Broker-Dealers are at a crossroads. Many are continuing with business as usual.
But because of NTM 05-50 and other factors, some B/Ds are creating their own Field
Marketing Organizations (FMOs) or learning from some of the top performing FMOs
how to create a new source of recurring revenue.
There are four core reasons why some Broker-Dealers are now including FIAs and other
fixed insurance products in their product allocation, all of which point to the
sustainability of their businesses.
- Most B/Ds
today have never felt the impact of a secular bear market and its impact on new
and recurrent revenue over a 15 to 20 year period.
- B/Ds have
never been through a seismic demographic shift in wealth transfer and faced the
challenges of maintaining margins during decumulation of core client assets.
- Most B/Ds
have never seen the regulatory challenges faced in this millennium which has led
to continued consolidation and rep discontent.
- The increasing
trend towards federalization of the insurance business as seen in Treasury Secretary
Paulson’s recent proposal or the Optional Federal Charter (OFC).
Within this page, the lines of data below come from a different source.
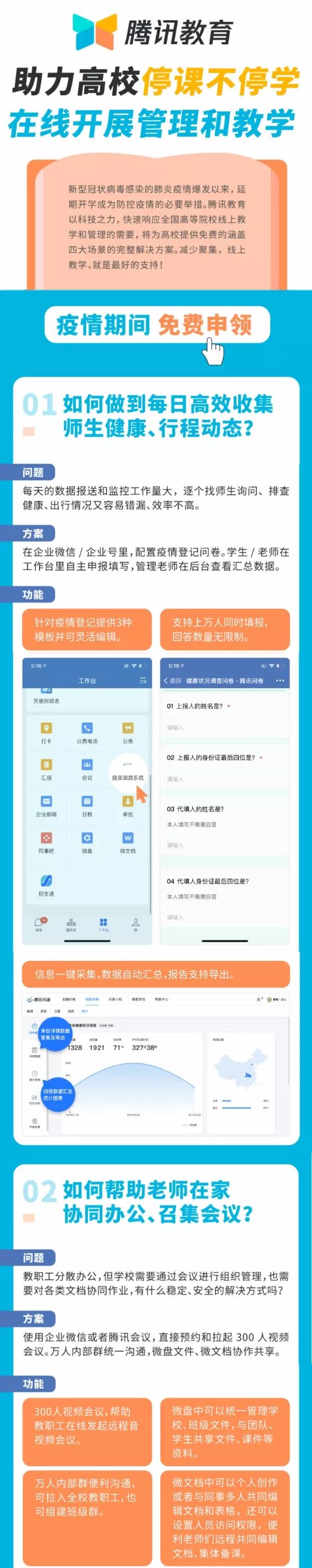 在每日收集师生健康、行程动态方面,高校可以在企业微信/企业号里,配置疫情登记问卷。学生/老师在工作台里自主申报填写,管理老师可以在后台查看汇总数据;在老师在家协同办公、召集会议方面,可以使用企业微信或者腾讯会议,预约和拉起300人视频会议,微盘文件、微文档可以协作共享;在在线教学方面,腾讯课堂支持在线直播授课,老师可以一键开通直播教室,邀请学生在手机或电脑上听课;在疫情公布方面,高校可以在企业微信里配置乐享校园社区,用作官方消息发布和问答等。
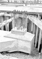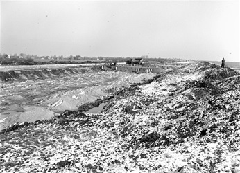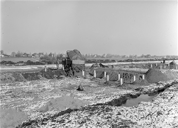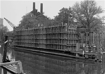 Bouw van kelderwand Sint Sebastiaansbrug in Delft, 1960
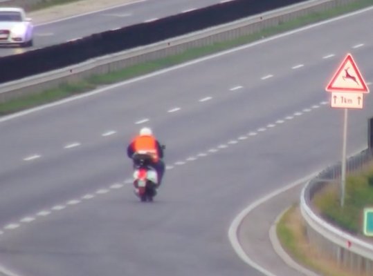 Végülis a kamerákon viszonylag hamar észlelték a bácsit és értesítették a rendőrséget, akik a lehető leghamarabb le is kapcsolták. A robogója vélhető ötven köbcentis lehetett, amik közül egy gyengébb, négyütemű darab végsebessége – különösen, ha benne van a gyári fojtás – szánalmasan alacsony még akár városi közlekedéshez viszonyítva is. Az, hogy az autópályán közlekedőkhöz viszonyítva mennyire tűnik életveszélyesen lassúnak egy ilyen, az tökéletesen látszik a videón.
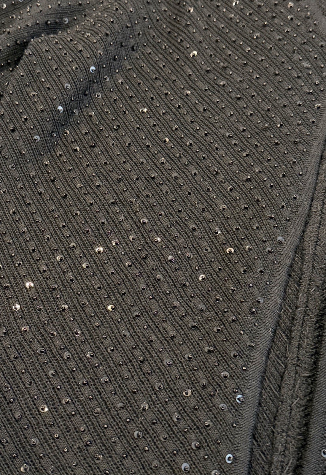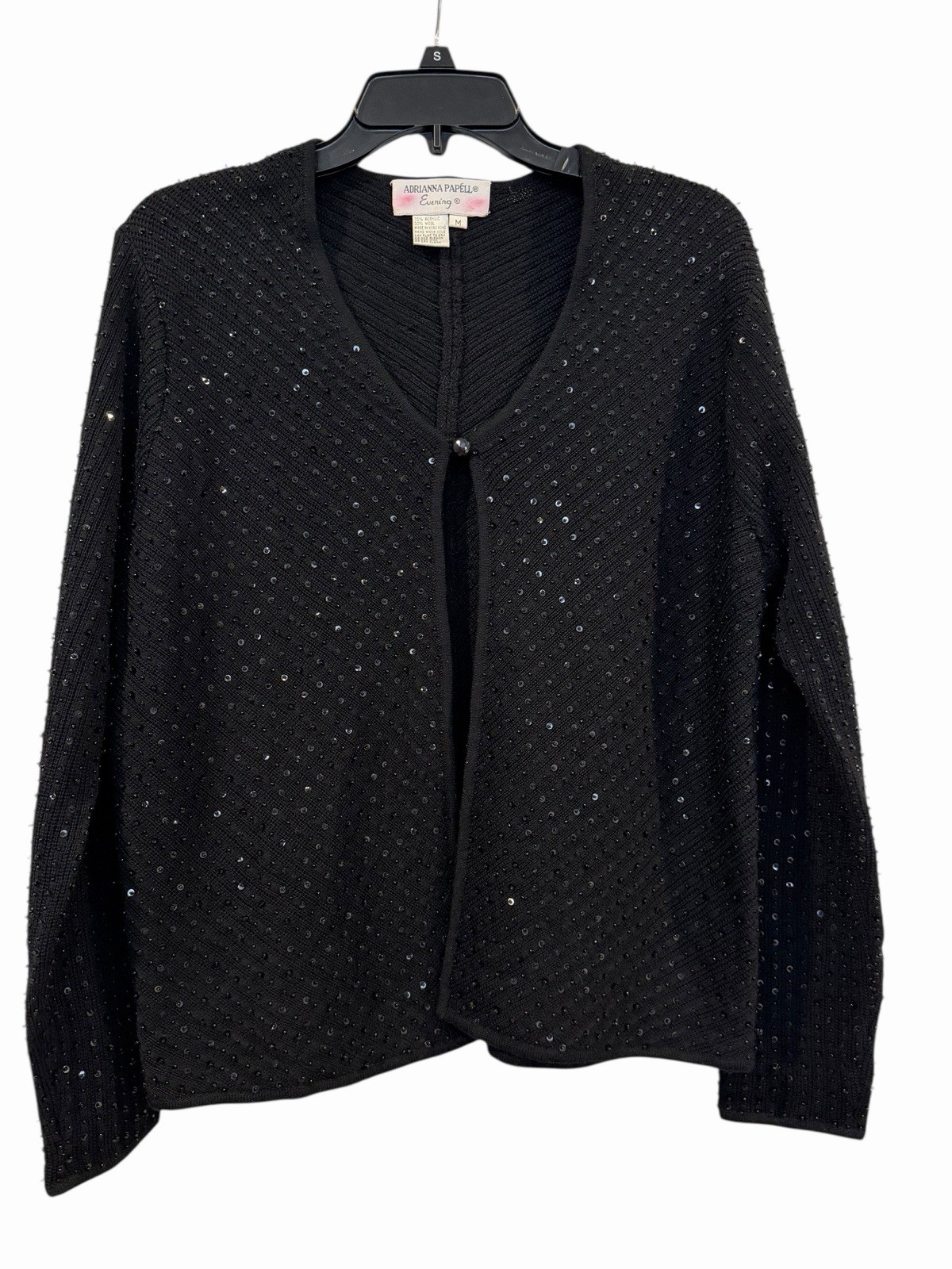 Adrianna Papell Black Sequin Open Front Wool Blend Cardigan Embellishments: M
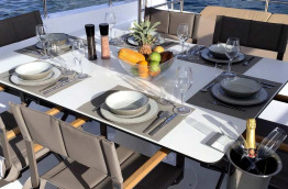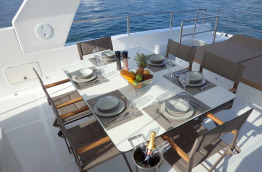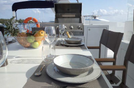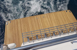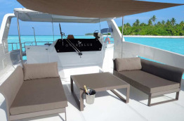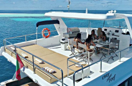 | Aménagements bateau | Pont arrière équipé pour la plongée et pour la pêche. Le pont supérieur est équipé d’un barbecue, de canapés, de chaises longues, d’une table à manger et d’un auvent. Une télévision est accessible dans le salon commun. Accès internet Wi-Fi gratuit à bord. |
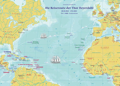 Den Verlauf eines besonderen Projektes der Universität Erlangen-Nürnberg - Klassenzimmer unter Segeln (KUS) - mit der Thor Heyerdahl habe ich für eine Projektveranstaltung als Wandkarte
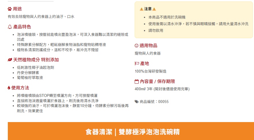 【毛起來】貓狗通用|植淨日常 雙酵極淨泡泡洗碗精 400ml
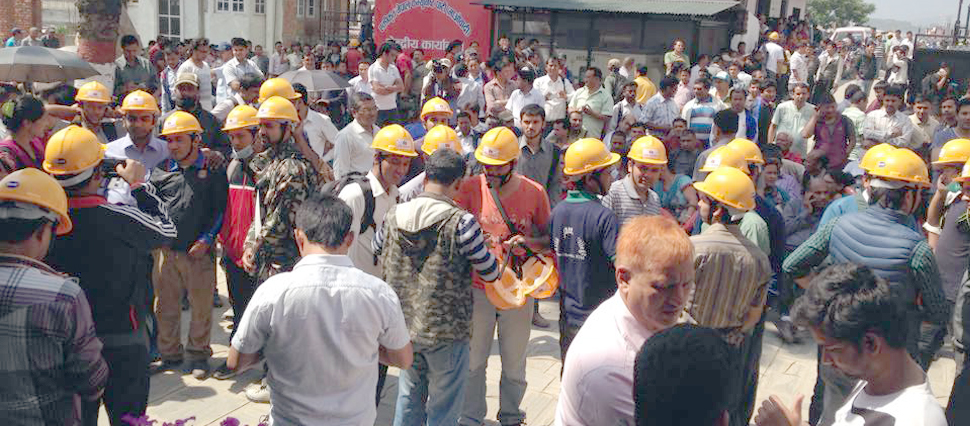 काठमाडौं, अरु बेलाभन्दा भिन्नै थियो पेरिसडाँडाको परिवेश । मानिसहरु आँगनभरि थिए– तर, फुस्राजस्ता । कोही कुन जिल्ला त कोही कुन जिल्ला पुगेर फर्केका । उनीहरु एक–अर्कामा आफ्ना अनुभूति सुनाइरहेका भेटिए । बाइकहरु बढी थिए, गाडीहरुभन्दा । नगन्य संख्यामा मात्रै रोकिएका थिए गाडी । एमाओवादी मुख्यालयमा पछिल्लो समय बाइकको भन्दा गाडीको संख्या बाक्लिन थालेकोमा बिहीबारको दृश्य चाहिँ त्यस्तो देखिएन । दृश्य उल्टिएको पाइयो । माओवादी अध्यक्ष आइनपुग्दै केही युवाहरुं हेलमेट लगाएर प्रांगणमा निस्किए । पहेंलो कलरको ‘वर्कर हेल्मेट’ र त्यसको कालो फित्ता उनका च्यापुमा कसिएका । \"Punarnirman1\" अखिल (क्रान्तिकारी) का संयोजक रमेश मल्ल तिनका बीचमा देखिन्थे । उनी हेलमेट लगाएकाहरुसँग केही भनिरहन्थे निरन्तर । वाईसीएलका अध्यक्ष गणेशमान पुन भित्र पस्दै बाहिरिँदै गरिरहेका । निर्धारित मञ्चमा माओवादी नेता जोखबहादुर महरा भेटिए । बिहीबार मध्याह्न पंक्तिकार पेरिसडाँडा पुग्दा आयोजकले निर्धारण गरेको समय भइसकेको थिएन । वाईसीएलका एक नेता हेलमेट लगाउनेहरुमध्येका केहीसँग संवाद गरिरहेका । शायद लाइन मिलाउन भन्दै थिए । माओवादी अध्यक्ष प्रचण्ड आए । अलि परै उनको गाडी छेकियो । रोकिराखेका मोटरसाइकल र मानिसहरुको भीडमा शायद उनलाई हिँड्न उचित लाग्यो । प्रायः अनुहारमा चमक बोकेर गाडीबाट झर्ने प्रचण्डको अनुहार फुस्रो थियो  । उनी फुस्रै हाँसे । हात हल्लाएर अभिवादन गरे । लगत्तै मञ्चमा बसेका वयोवृद सल्लाहकारसँग हात मिलाए र भित्र छिरे । उनी भित्र छिरेपछि प्रांगणमा हेलमेट लगाउनेहरुको लाइन बन्यो । अरु वरीपरी उभिएका । वाईसीएल र विद्यार्थीका दोस्रा तहका नेताहरुले लाइन मिलाए । लाइनमा एक तिहाइ महिला बल्ल थिए– बाँकी पुरुष । माओवादी नेता अनन्त आए । महासचिव महरा आए । नेता झक्कु सुवेदीसँग बात मारेलगत्तै सुवेदी भित्र गए । सुवेदीसँगै अध्यक्ष प्रचण्ड आए । \"punarnirman2\"बिदाई कार्यक्रम सुरु भयो, राष्ट्रिय श्रम अभियानअन्तर्गत महाभूकम्प प्रभावित १५ जिल्लामा खटिने एमाओवादी स्वयंमसेवकहरुको । महराले कार्यक्रम चलाए । उनले प्रचण्डलाई जिल्लाहरुमा खटिने टोलीलाई एक–एकवटा ब्यानर, हम्मर र हेल्मेट दिन भने । प्रचण्डले दिए सोहीअनुसार । महराले प्रचण्डलाई बोल्न बोलाए । प्रचण्ड आएर बोल्न थाले । उनको हाउभाउ गाडीबाट झर्दाजस्तै थियो । धेरै बोल्दिनँ भने । हिजोका युद्धकालीन जनसेनाका रुपमा आफ्नो पार्टीले जनसेनालाई जनताको आपतमा पठाउन लागेको बताए । प्रांगणका मानिसहरु खुशी देखिए । तर, खुलामञ्चमा जस्तो ताली लाएनन् । उनले कमिसार, कमान्डर र भाइस–कमान्डर बनाएर पुनर्निर्माणमा जान लागेको बताइरहँदा हेलमेट लगाउनेहरु टाउको हल्लाइर

The Wall Street Journal featured an article
on April 29, 2008, that emphasized the financial sector’s influence on the American
economy may have peaked at about 27 percent of S&P capitalization. Yet the independent
channel of distribution continues to grow at a rapid clip, and could be the major
benefactor of the wealth wave. Independent Broker-Dealers that are armed with an
array of diversified safe money choices are in a prime position to capture aging
Boomers’ savings and investment dollars. These B/Ds, who have seen four bear markets
in 25 years, know that long term retirement money will only stick in managed accounts
during an inevitable secular bear market with consistent advisor communication,
prudent allocation, and legacy planning.
As one major B/D executive recently said, “we realize that we have got to get it
right on the distribution phase for our clients or the accumulation phase means
nothing.” Another way of looking at it is
the story of a young golfer who is told by his grandfather that when he was his
age, he would have hit a shot right over the tree, but forgets to share the fact
that the tree was only six feet tall forty years ago.
The last time we had a significant transfer of wealth by seniors was in the 1960s.
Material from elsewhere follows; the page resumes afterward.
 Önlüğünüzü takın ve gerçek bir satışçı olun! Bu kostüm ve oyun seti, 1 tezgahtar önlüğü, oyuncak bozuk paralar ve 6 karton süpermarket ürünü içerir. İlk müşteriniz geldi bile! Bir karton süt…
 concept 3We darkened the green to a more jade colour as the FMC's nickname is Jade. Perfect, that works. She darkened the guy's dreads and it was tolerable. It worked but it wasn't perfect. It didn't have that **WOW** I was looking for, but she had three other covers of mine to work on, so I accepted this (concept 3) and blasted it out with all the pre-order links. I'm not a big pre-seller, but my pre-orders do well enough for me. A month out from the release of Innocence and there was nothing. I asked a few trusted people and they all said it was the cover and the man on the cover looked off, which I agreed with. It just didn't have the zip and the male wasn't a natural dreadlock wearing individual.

At that time, there was some memory of the Great Depression and equity holdings
fell from 44 percent of household assets to 17 percent.
Today, in a much deeper and broader equity culture, there is a feeling among
many B/D executives that because they manage retirement assets, the sticky and persistent
nature of the assets will insulate their income statements from decumulation or
a nasty bear market. Today’s withdrawals from 401k
plans to pay mortgage bills indicates that these long term savings dollars
may not be as sticky as once thought by advisors.
Regardless of what transpires, bull or bear, the value of fixed annuities has been
demonstrated by such prominent resources like Wharton to be invaluable in prudent
decumulation strategies as a viable alternative to stocks and bonds in providing
superior risk adjusted returns. In addition, with Echo Boomers anxious to cash in
on mom and dad’s inheritance, the absence of a safety net for all assets, such as
long term care, will be inexcusable if an advisor holds themselves out to be a financial
planner. Make sure, as a prudent advisor, to involve the kids in as much of the
relationship management as possible and that all links in the legacy planning process
know that mom and dad were offered an LTC policy or have sufficient self-insurance
assets.
Don’t be like the gentleman with the sweetheart who after a memorable date wrote
to his lovely gal: “I would swim the ocean, climb the highest mountain and cross
a trackless desert to see you again.” But at the bottom of the letter he closed
with: “PS, I’ll see you Saturday night if it doesn’t rain.”
It’s raining decumulation dollars in
America
. Do you and your Broker-Dealer have a broad array of safe money alternatives to
catch this wave of money in motion?
Kevin Startt is a 30-year financial planning
veteran and Vice President of Broker Dealer Business Development for GamePlan Financial
Marketing (www.gameplanfinancial.com),
one of the world's leading field marketing organizations (FMOs) for independent
life insurance agents and financial advisors. He can be reached at
kstartt@gameplanfinancial.com or by calling 800-886-4757.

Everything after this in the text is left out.